UW Department of Family Medicine and Community Health (DFMCH) Associate Professor and Geriatric Services Director Irene Hamrick, MD, believes that every clinician, regardless of specialty, should have the essential skills needed to care for geriatric patients.
That’s why three and a half years ago, she established a teaching nursing home: a two- to six-week educational rotation that blends didactics with hands-on practice in the clinic, hospital, nursing home and community settings.
To date, nearly 60 UW family medicine residents, internal medicine residents, geriatric fellows, and MD and physician assistant students have completed the rotation—and are entering practice or residency better equipped to meet the medical needs of an aging population.
Diverse Learning Experiences
The teaching nursing home is based at Capitol Lakes, a continuing care retirement community in downtown Madison. Learners provide direct patient care there during rounds held three times each week.
They, along with Capitol Lakes residents, also attend one of Dr. Hamrick’s 30-plus lectures on dementia, hearing loss, nutrition or other topics relevant to the geriatric population. (Many of her lectures are available online at the DFMCH’s YouTube channel or the SMPH’s video library).

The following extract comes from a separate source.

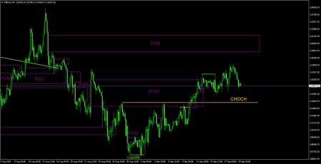 CHOCH – слом трендовой структуры. Liquidity – Ликвидность, Stop Loss трейдеров, которые маркет-мейкеры используют для набора своих позиций. FVG – Область ценовой неэффективности. Цена очень быстро проходит такие области, что указывает на полное отсутствие одной из сторон на рынке. В последствии цена имеет свойство возвращаться и получать реакцию от таких областей. IFVG – Инвертированная область ценовой неэффективности. После возврата к такой области, цена не получает от нее реакцию, а импульсно пробивает, а затем тестирует ее с другой стороны. OB – Ордер-блок. Свеча, на которой маркет-мейкер открывал позицию с целью забора ликвидности для формирования собственной позиции в противоположном направлении. Материал предоставлен компанией InstaForex - www.instaforex.comНовость предоставлена компанией

In addition, educational experiences take place at Capitol Lakes’ pharmacy, physical and occupational therapy facilities and nutrition clinics; at UW Health memory, sleep, swallow and falls clinics; at University Hospital’s Acute Care for Elders (ACE) service; and at senior centers, adult day care centers or other community organizations.
Since April 2015, the rotation has been mandatory for family medicine and internal medicine residents and geriatric fellows. In July 2017, it will also be mandatory for MD program students.
Valuable Skills for Any Specialty
The rotation raises learners’ awareness of medical issues unique to the geriatric population—knowledge they may not otherwise have. For example, Dr. Hamrick, who is fellowship trained in geriatrics, teaches that dehydration is a very common cause of mental status changes in older people, and that because of their increased risk for hypoglycemia, older diabetic patients are better off with higher hemoglobin A1C levels than their younger counterparts.
She also teaches learners how to write hospital discharge summaries for nursing home patients, and what services the nursing home can provide, which can help reduce unnecessary readmissions.
Finally, she stresses the importance of connecting with local senior agencies, so that when learners get into practice, they will able to refer patients and families to appropriate community resources.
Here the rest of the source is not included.